Pero este otro, Cuentos de mi tía Panchita, prometía más: venía envuelto para regalo, no era para el colegio y tenía dibujos y personajes entrañables. Eso me dijeron y así lo abrí. El tonto de las adivinanzas lo leí y lo olvidé de un tirón: las adivinanzas me parecieron tontas.
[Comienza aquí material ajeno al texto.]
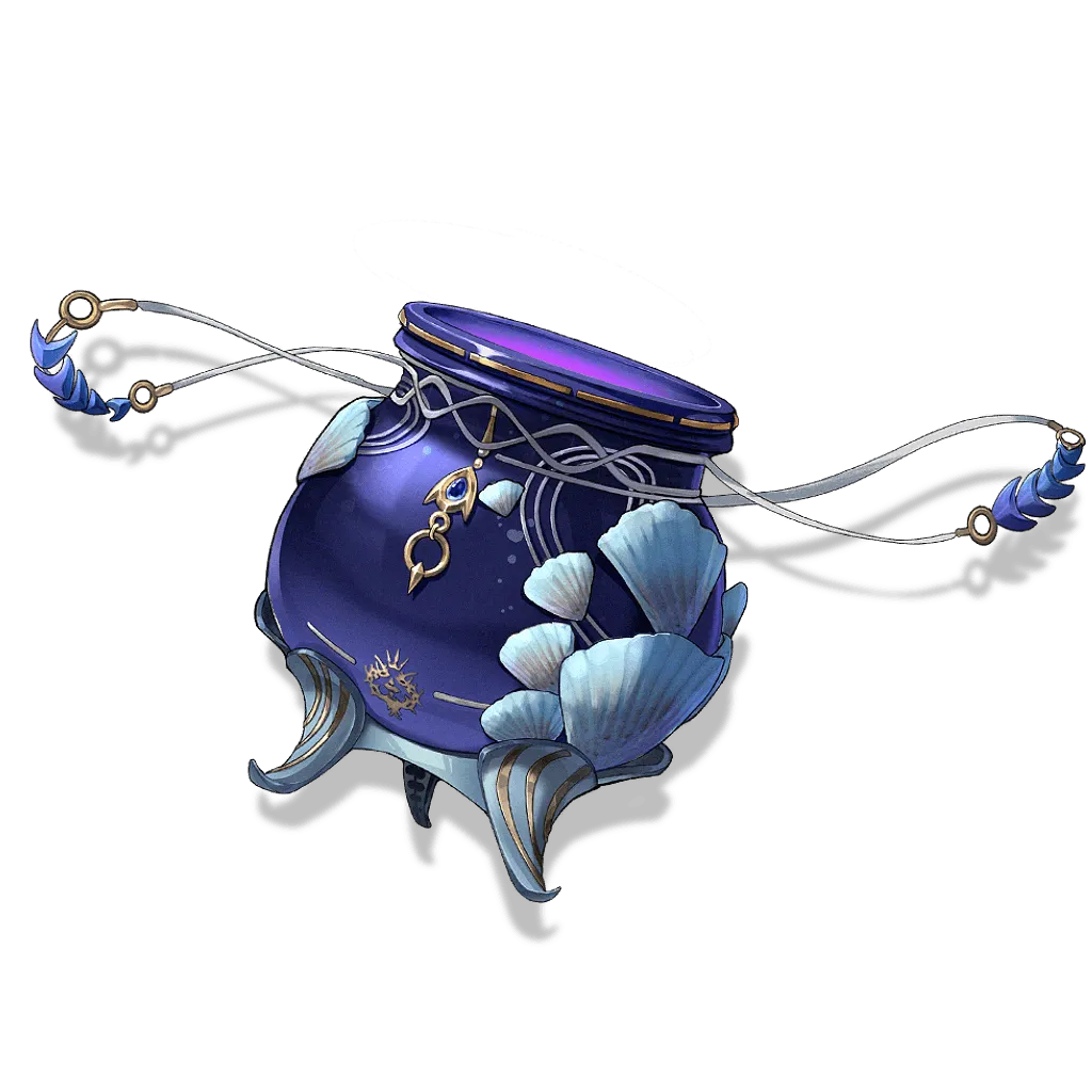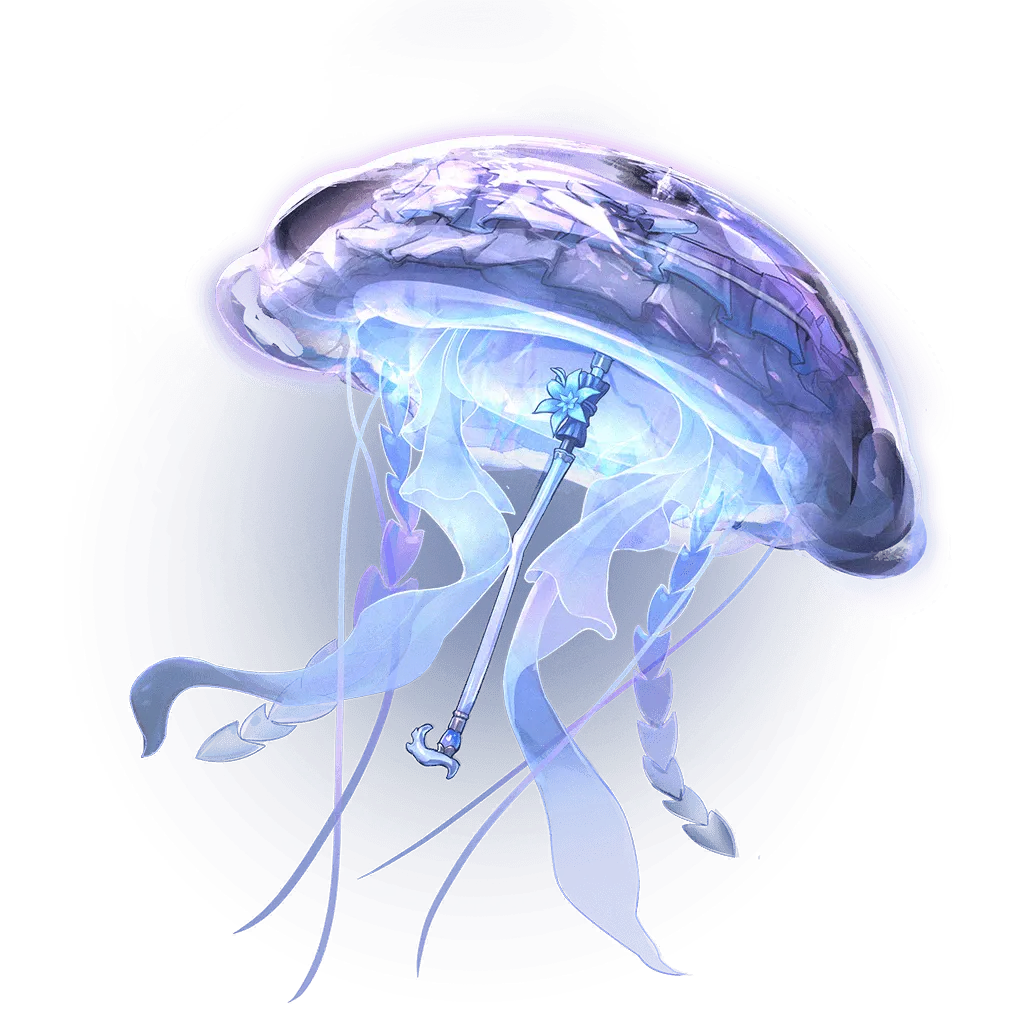 她随身只携带两样东西。一样是珊瑚骨制作的洋伞,伞盖形状圆润,宛如一只软嘟嘟的水母,长长的“触手”悠闲地随风飘荡;握柄处镶嵌着一颗蓝宝石,象征着翡萨烈家主的威严与权力。坎特蕾拉不推崇暴力,但若是迫不得已要动手……她只需转动洋伞。霎时,伞面流光溢彩,美轮美奂的水母群从伞下涌出,翩飞成一片幻影之海。让敌人自愿坠入这美丽却致命的幻海——这便是现任翡萨烈家主坎特蕾拉的立世之道。这柄洋伞,亦如它的主人,看似温柔似水,实则坚不可摧。

Pero, entonces, llegó o llegué, a Uvieta y yo que me iba acostumbrando apenas a la exuberancia de las papayas, a los chorretes de los mangos, al dulce ultrasecreto que los mamones chinos guardan en su interior, sí que podía entender por qué uno de tres deseos podía ser tener, en el patio una parra cargadita de frutas.
Lo segundo fue más difícil y mucho mejor: todo en el cuento contradecía lo que hasta entonces había aprendido y me habían contado de la idiosincrasia tica. Si hasta el Diablo en lugar de un enemigo era un sácalas de Tatica Dios y además se le podía moler a palos, dejarlo hecho polvo; la Muerte no solo no era una desgracia sino que, como a la mismísima virgen, se la podía burlar… ¡en dos monazos y sin culpa!
Casi treinta años han pasado desde entonces: un tercio –mínimo– los he pasado dando clase; otro escribiendo y el último yendo a la playa. Siempre que puedo, les llevo Uvieta a mis estudiantes y lo disfrutamos juntos. No solo eso. A cada rato y sin que venga a cuento o calce con ningún calendario, salgo con un domingo siete.